Tools/Resources Mentioned:
- The Gist Newsletter
- Stratasan (healthcare analytics firm)
- Chartis (insights)
- Healthcare Dive (news)
Key Concepts:
- Inpatient Only List: A list maintained by CMS specifying procedures that Medicare would only reimburse if performed in an inpatient hospital setting.
- Ambulatory Surgery Center (ASC): A distinct entity that operates exclusively for the purpose of providing surgical services to patients not requiring hospitalization.

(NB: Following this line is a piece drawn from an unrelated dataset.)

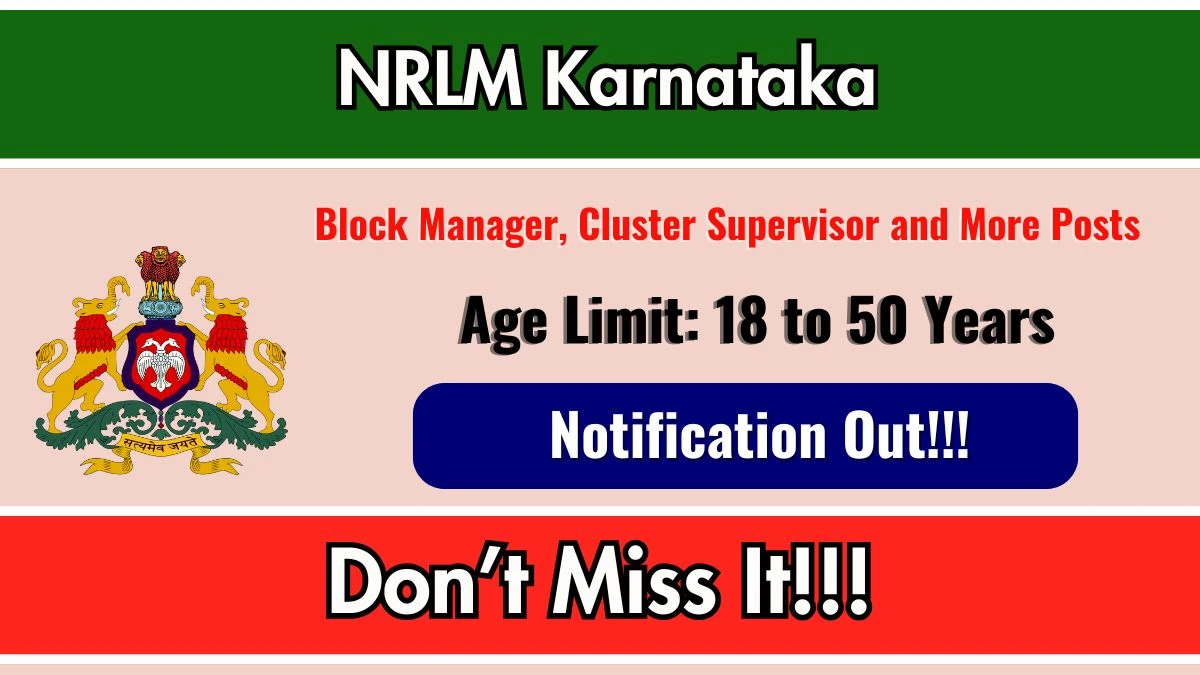 National Rural Livelihoods Mission Karnataka (NRLM Karnataka) Block Manager, Cluster Supervisor & District Program Manager Notification 2026 has been released on 25 March 2026 on the official website. A total of 3 vacancies have been announced through the NRLM Karnataka Recruitment 2026.

- Payer Mix: The proportion of patients covered by different types of insurance (e.g., commercial, Medicare, Medicaid), which significantly impacts a healthcare provider's revenue.
- Prior Authorization: A requirement from an insurance company that a healthcare provider obtain approval before providing a service or prescribing a medication to be covered by the plan.
Examples/Case Studies:
- Tenet Healthcare's Strategic Shift: One of the largest for-profit hospital systems, Tenet, has strategically pivoted to become the preeminent provider of ambulatory surgery center services for musculoskeletal care, with ASCs accounting for 42% of its revenue in 2021, up from 5% in 2015.